Task objective: Copy every entry below exactly, and keep out the pictures.

Data extracts:
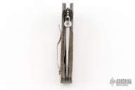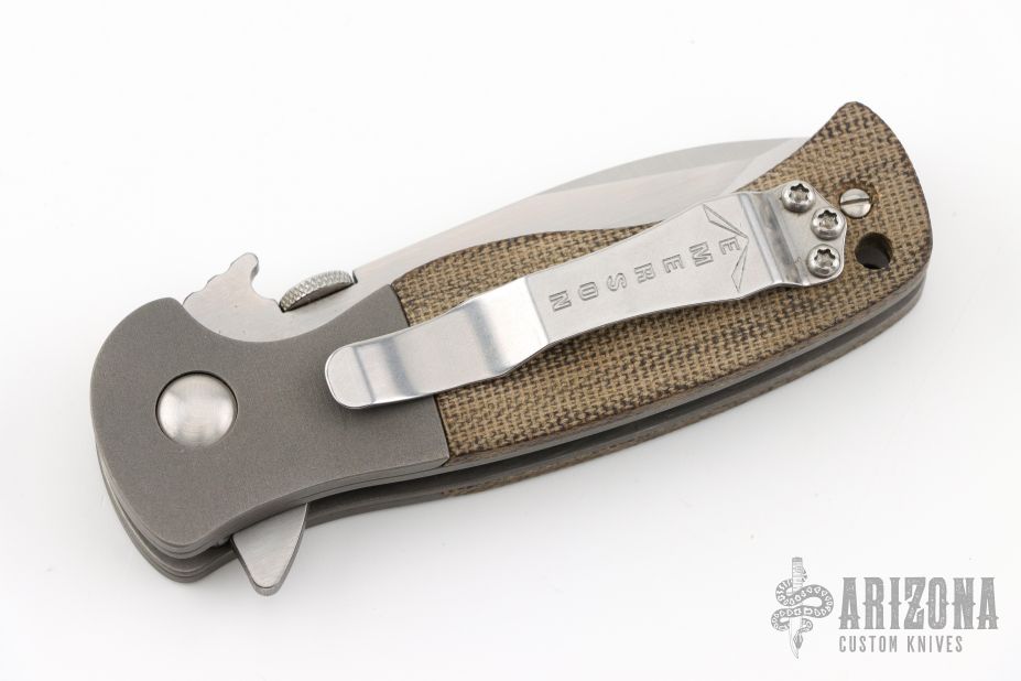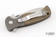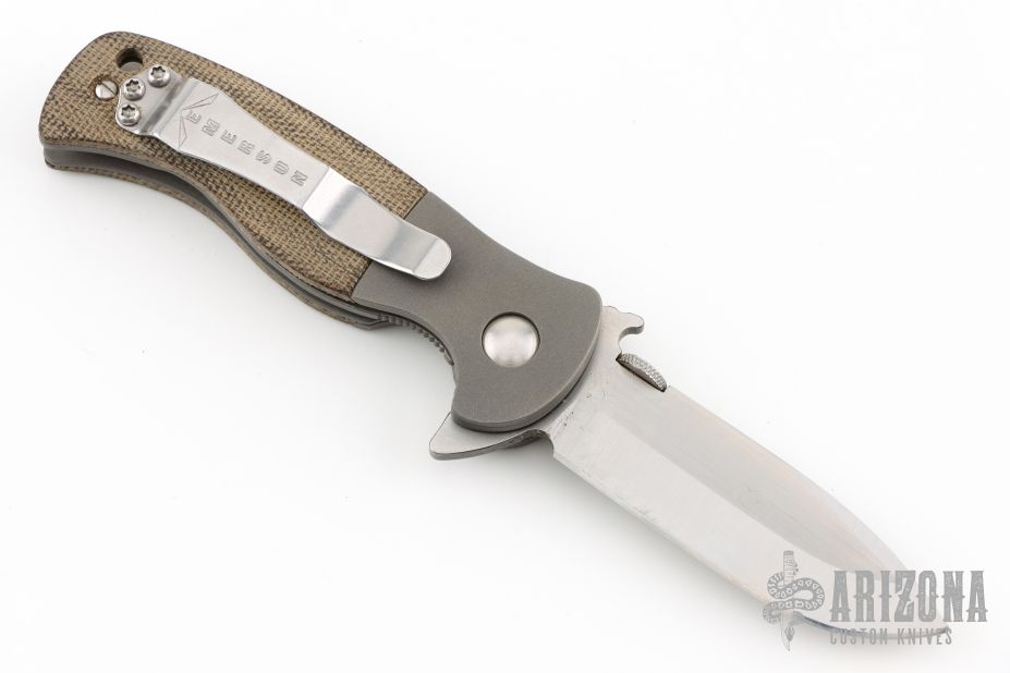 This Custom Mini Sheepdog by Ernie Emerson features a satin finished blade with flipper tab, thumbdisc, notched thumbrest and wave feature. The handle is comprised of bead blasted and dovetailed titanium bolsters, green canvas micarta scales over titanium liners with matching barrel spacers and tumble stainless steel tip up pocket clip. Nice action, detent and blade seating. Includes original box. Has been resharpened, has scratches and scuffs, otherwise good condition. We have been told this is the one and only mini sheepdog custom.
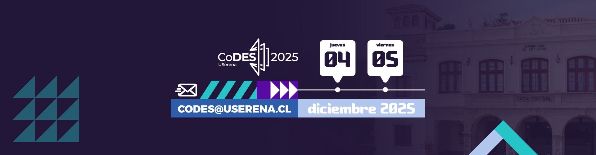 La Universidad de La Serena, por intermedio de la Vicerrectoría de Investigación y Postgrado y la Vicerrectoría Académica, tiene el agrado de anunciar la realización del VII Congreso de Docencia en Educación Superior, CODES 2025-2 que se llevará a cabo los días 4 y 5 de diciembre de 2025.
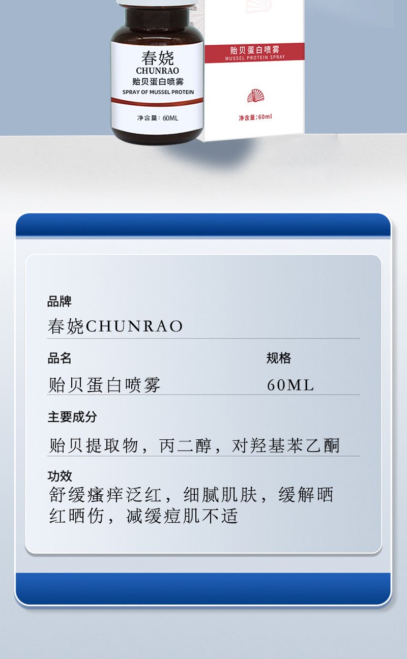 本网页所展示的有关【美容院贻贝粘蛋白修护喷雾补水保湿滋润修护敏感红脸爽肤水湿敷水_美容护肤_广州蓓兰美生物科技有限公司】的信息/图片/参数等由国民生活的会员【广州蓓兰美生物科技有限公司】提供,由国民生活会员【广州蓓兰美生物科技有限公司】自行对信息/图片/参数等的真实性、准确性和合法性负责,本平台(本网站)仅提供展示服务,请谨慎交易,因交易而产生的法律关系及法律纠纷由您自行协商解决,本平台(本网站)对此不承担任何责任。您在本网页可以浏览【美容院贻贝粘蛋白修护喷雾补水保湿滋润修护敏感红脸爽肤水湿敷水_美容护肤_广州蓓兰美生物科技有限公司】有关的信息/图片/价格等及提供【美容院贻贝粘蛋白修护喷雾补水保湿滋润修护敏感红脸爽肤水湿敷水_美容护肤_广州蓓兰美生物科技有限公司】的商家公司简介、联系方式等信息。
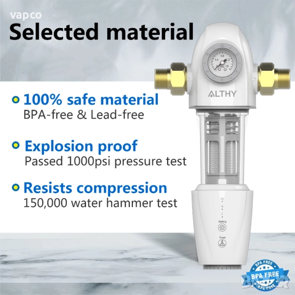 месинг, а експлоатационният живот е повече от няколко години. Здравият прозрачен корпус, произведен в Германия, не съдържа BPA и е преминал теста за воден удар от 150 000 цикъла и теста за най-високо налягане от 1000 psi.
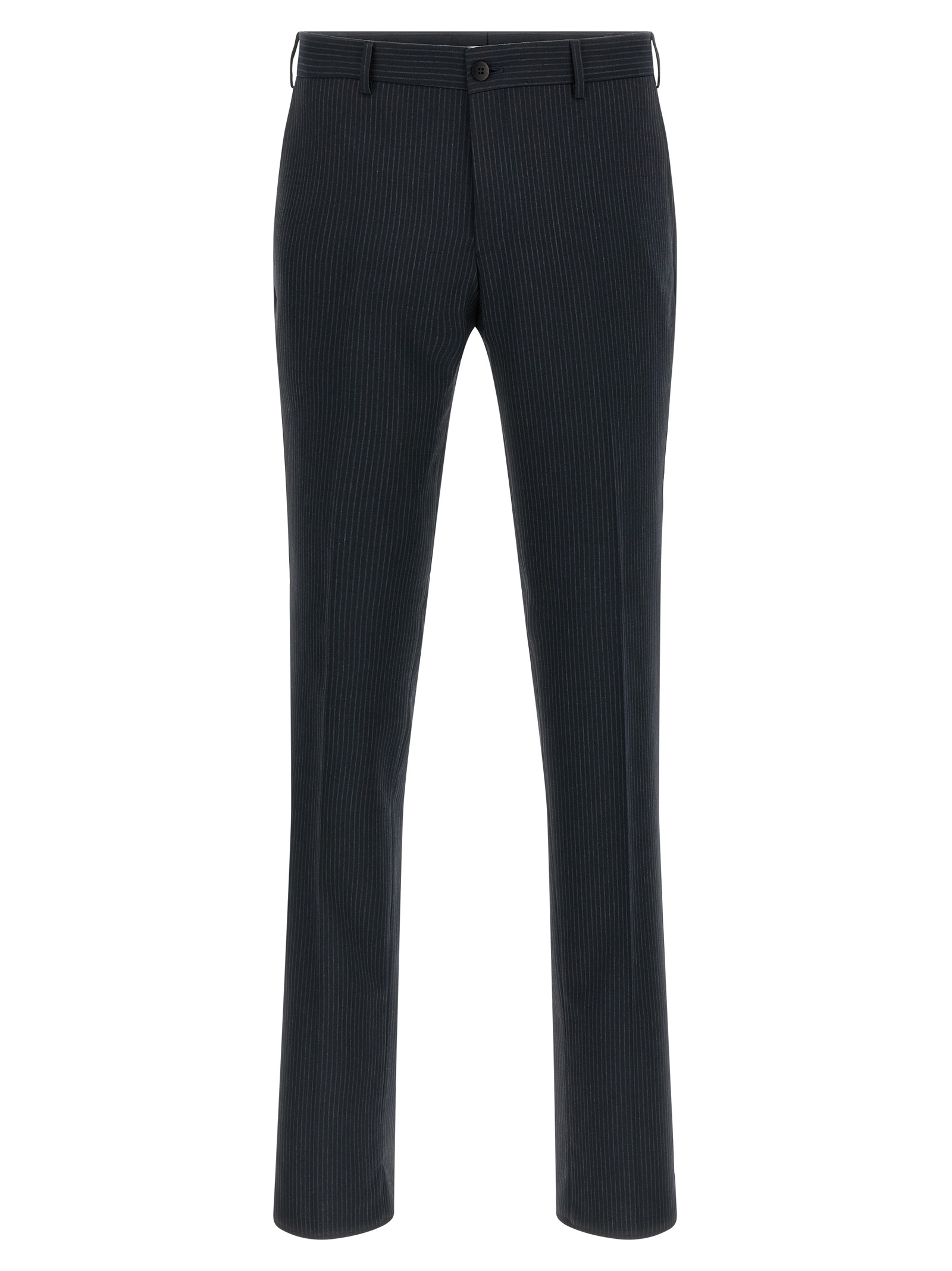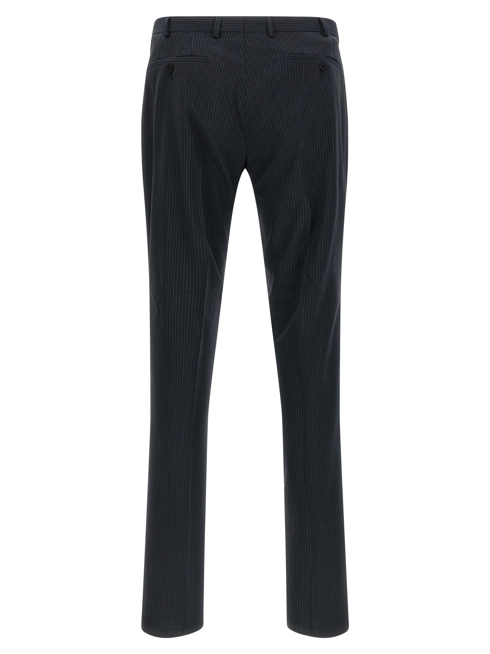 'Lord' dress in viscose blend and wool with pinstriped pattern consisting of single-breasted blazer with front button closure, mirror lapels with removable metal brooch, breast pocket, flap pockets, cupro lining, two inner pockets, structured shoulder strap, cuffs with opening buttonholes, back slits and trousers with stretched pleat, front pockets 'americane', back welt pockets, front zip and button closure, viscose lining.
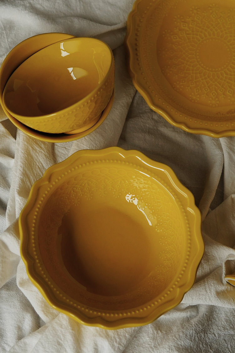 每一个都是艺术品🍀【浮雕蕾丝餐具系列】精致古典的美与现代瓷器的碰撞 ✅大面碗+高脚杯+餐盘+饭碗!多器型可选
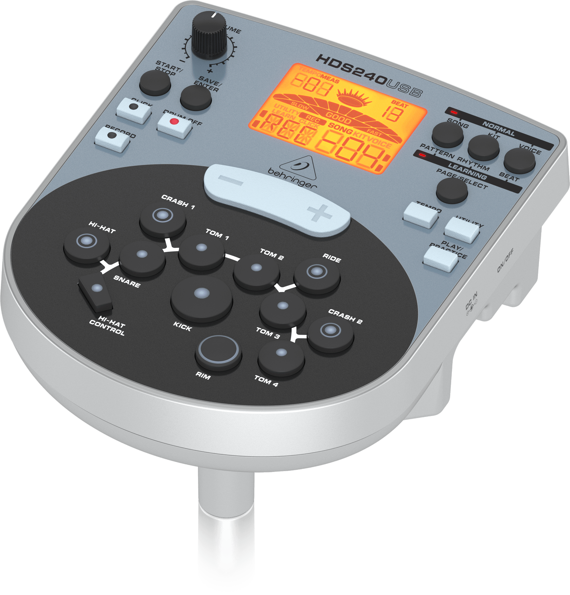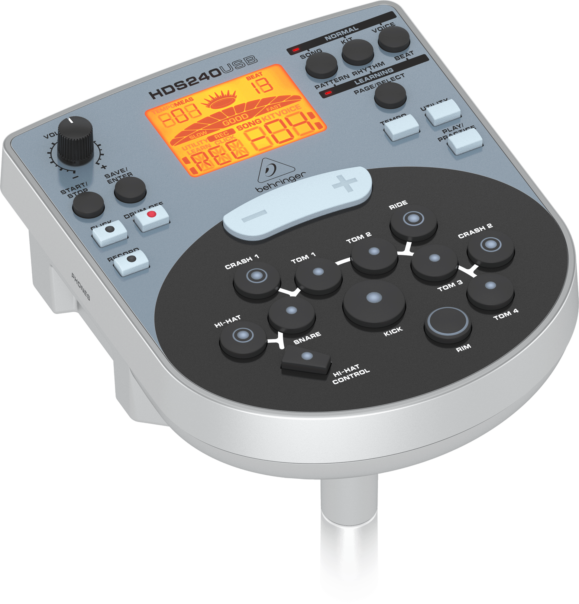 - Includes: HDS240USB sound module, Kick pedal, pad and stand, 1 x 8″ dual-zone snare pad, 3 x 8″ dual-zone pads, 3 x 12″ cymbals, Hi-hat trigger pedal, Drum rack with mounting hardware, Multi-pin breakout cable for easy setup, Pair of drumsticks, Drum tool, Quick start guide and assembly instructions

Response to this exercise:
 This Custom Mini Sheepdog by Ernie Emerson features a satin finished blade with flipper tab, thumbdisc, notched thumbrest and wave feature. The handle is comprised of bead blasted and dovetailed titanium bolsters, green canvas micarta scales over titanium liners with matching barrel spacers and tumble stainless steel tip up pocket clip. Nice action, detent and blade seating. Includes original box. Has been resharpened, has scratches and scuffs, otherwise good condition. We have been told this is the one and only mini sheepdog custom.
 La Universidad de La Serena, por intermedio de la Vicerrectoría de Investigación y Postgrado y la Vicerrectoría Académica, tiene el agrado de anunciar la realización del VII Congreso de Docencia en Educación Superior, CODES 2025-2 que se llevará a cabo los días 4 y 5 de diciembre de 2025.
 本网页所展示的有关【美容院贻贝粘蛋白修护喷雾补水保湿滋润修护敏感红脸爽肤水湿敷水_美容护肤_广州蓓兰美生物科技有限公司】的信息/图片/参数等由国民生活的会员【广州蓓兰美生物科技有限公司】提供,由国民生活会员【广州蓓兰美生物科技有限公司】自行对信息/图片/参数等的真实性、准确性和合法性负责,本平台(本网站)仅提供展示服务,请谨慎交易,因交易而产生的法律关系及法律纠纷由您自行协商解决,本平台(本网站)对此不承担任何责任。您在本网页可以浏览【美容院贻贝粘蛋白修护喷雾补水保湿滋润修护敏感红脸爽肤水湿敷水_美容护肤_广州蓓兰美生物科技有限公司】有关的信息/图片/价格等及提供【美容院贻贝粘蛋白修护喷雾补水保湿滋润修护敏感红脸爽肤水湿敷水_美容护肤_广州蓓兰美生物科技有限公司】的商家公司简介、联系方式等信息。
 месинг, а експлоатационният живот е повече от няколко години. Здравият прозрачен корпус, произведен в Германия, не съдържа BPA и е преминал теста за воден удар от 150 000 цикъла и теста за най-високо налягане от 1000 psi.
 'Lord' dress in viscose blend and wool with pinstriped pattern consisting of single-breasted blazer with front button closure, mirror lapels with removable metal brooch, breast pocket, flap pockets, cupro lining, two inner pockets, structured shoulder strap, cuffs with opening buttonholes, back slits and trousers with stretched pleat, front pockets 'americane', back welt pockets, front zip and button closure, viscose lining.
 每一个都是艺术品🍀【浮雕蕾丝餐具系列】精致古典的美与现代瓷器的碰撞 ✅大面碗+高脚杯+餐盘+饭碗!多器型可选
 - Includes: HDS240USB sound module, Kick pedal, pad and stand, 1 x 8″ dual-zone snare pad, 3 x 8″ dual-zone pads, 3 x 12″ cymbals, Hi-hat trigger pedal, Drum rack with mounting hardware, Multi-pin breakout cable for easy setup, Pair of drumsticks, Drum tool, Quick start guide and assembly instructions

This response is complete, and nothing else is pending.